Restoring hearing through cochlear implantation for children with autism spectrum disorder (ASD) can help them understand spoken language and enhance social interactions, according to a study from Ann & Robert H. Lurie Children’s Hospital of Chicago. The study reported long-term outcomes of the largest number of children with ASD who received a cochlear implant, with mean follow-up of 10.5 years.
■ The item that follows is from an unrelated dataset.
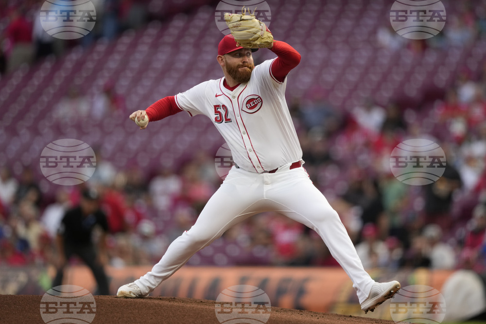 Cincinnati Reds pitcher Zack Littell throws during the first inning of a baseball game against the Toronto Blue Jays Wednesday, Sept. 3, 2025, in Cincinnati. (AP Photo/Carolyn Kaster)

Findings were published in the journal Otology & Neurotology.
“Our results add to the growing body of evidence that cochlear implantation clearly benefits deaf children with autism spectrum disorder,” said senior author Nancy Young, MD, Medical Director of Audiology and Cochlear Implant Programs at Lurie Children’s and a Professor of Pediatric Otolaryngology at Northwestern University Feinberg School of Medicine. “Improved hearing provides access to spoken language that may enhance their cognitive and communication potential, as well as help these children engage more with their families.”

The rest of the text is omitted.